Preview Team Communication for Healthcare Professionals [PREVIEW] Team Communication for Healthcare Profes | Page 10

• Chapter 7 concentrates on the need for continuity when patient care and other responsibilities are transferred from person to person and / or team to team.
1.02 Teams in healthcare
Teamwork has been the subject of increasing relevance to the world of healthcare over the past century. The caricature from the old movies of the authoritarian male doctor who expected his minions to follow his every bidding has its roots in the reality of the times. In that era this apparently lone-operator held his own personal records of every patient in a single notebook which he kept private. Fast forward to the current era and …
… a third of patients have at least ten specialist physicians actively involved in their care by the last year of life, and probably a score more personnel, ranging from nurse practitioners and physician assistants to pharmacists and home medical aides.
Atul Gwande
All are working with the intention of providing coordinated care. One significant shift in this respect is that the patient’ s record should, in theory, be one document which is available to and updated by any clinician involved in their care.

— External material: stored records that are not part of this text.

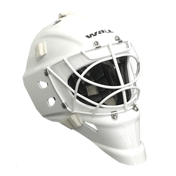 WALL USA W-4 Pro Cat Eye Goal mask is available in long chin & short chin sizes. Shell is ABS plastic & rubber composite. Extremely durable (withstood over 400 hammer blows). No ear ringing. Exceptionally light. Superior spring steel cage. Sleek design for deflecting impact. Adjustable waffle foam inner lining. Removable Velcro inner lining. Sweat Band included. Ventilated Nylon carry bag. 6 month warranty.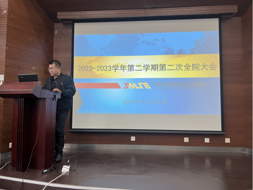 2023年4月25日下午,bv1946伟德国际始于英国2022-2023学年第二学期第二次全院大会在德才馆二楼报告厅召开。会议传达学校学习贯彻习近平新时代中国特色社会主义思想主题教育动员大会及实施方案精神、学校2023年度工作要点精神,并就学院相关工作进行布置。会议由许维院长主持。学院党政领导班子和全院教职员工140余人参加会议。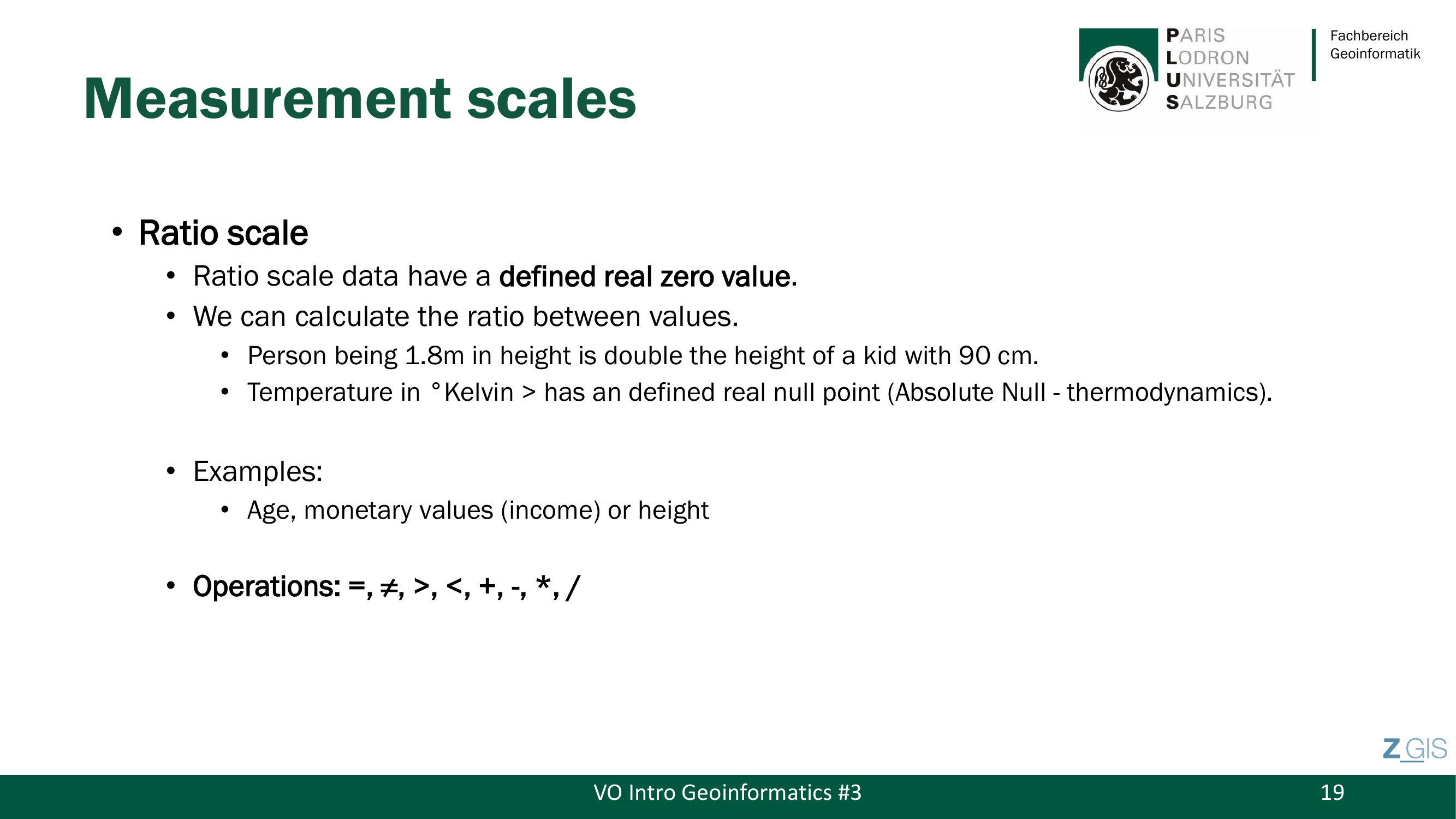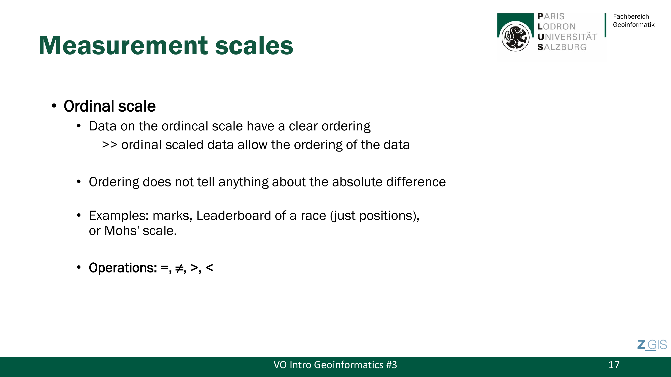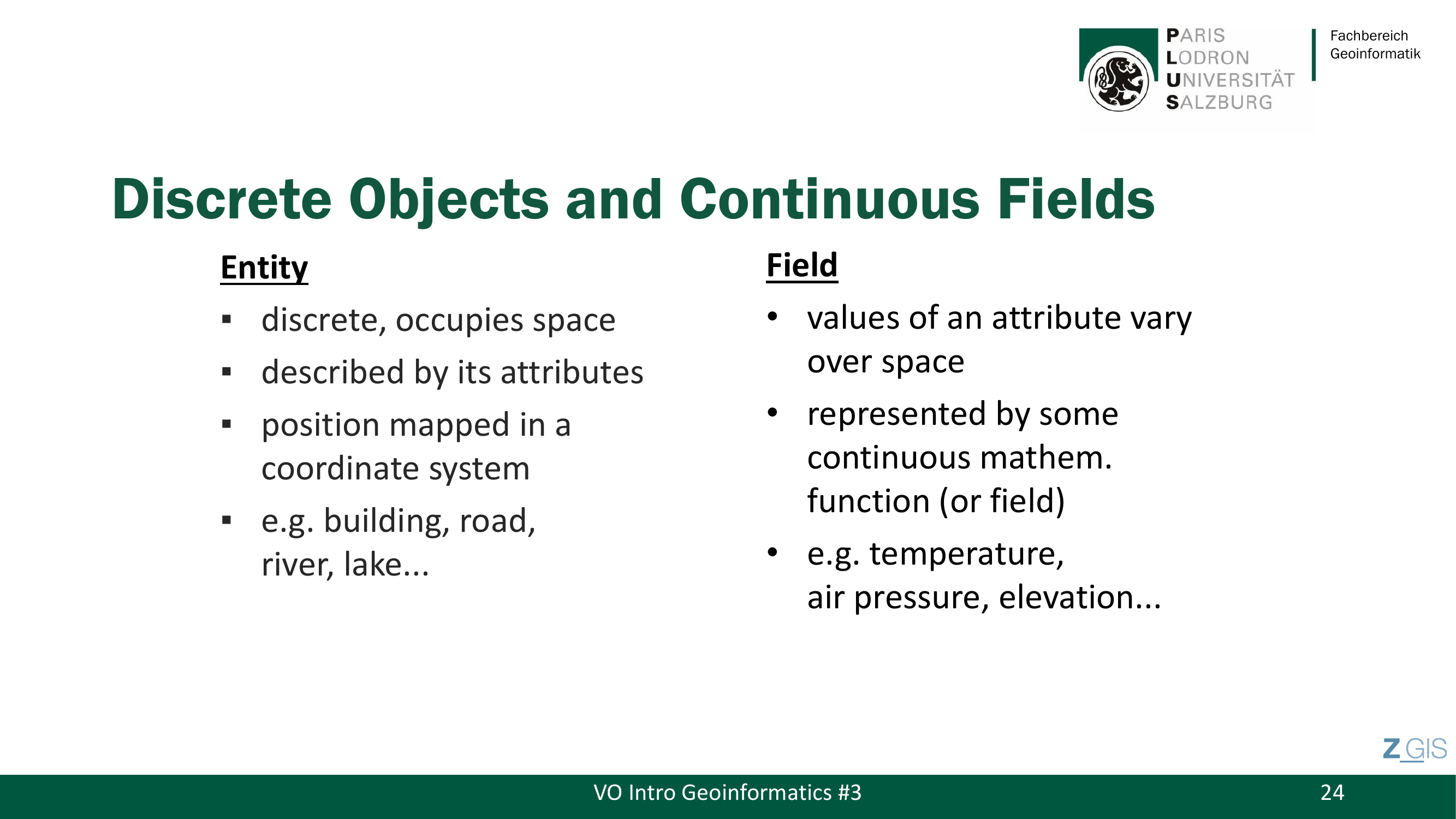 Diese Lecture ist die prüfungsrelevanteste im gesamten Kurs: Drei der behandelten Themenblöcke (Messskalen, Entities & Fields, Vektor & Raster) sind als direkte Altfragen in den Prüfungsterminen Juli 2024 und 2025 aufgetaucht. Der Prof bezeichnete diese Session selbst als "the most important part" und eines der "core topics" der gesamten Lehrveranstaltung.

Theory and reality are often difficult to align.
There are many others involved in patient care: administrators, technicians, opticians and dieticians to name a few. In addition, pastoral care can be of high importance to some patients and takes many forms for the culturally diverse patient population. There are separate wards and departments; separate buildings for hospitals, clinics and practices. There are people working in different health authorities and organisations. There are hierarchical teams within these specialties, disciplines and organisations. Then there are multidisciplinary teams. Some teams are formal and some informal. Some established with long-term intentions. Some are transient – lasting only as long as it takes to work together to manage an acute patient emergency.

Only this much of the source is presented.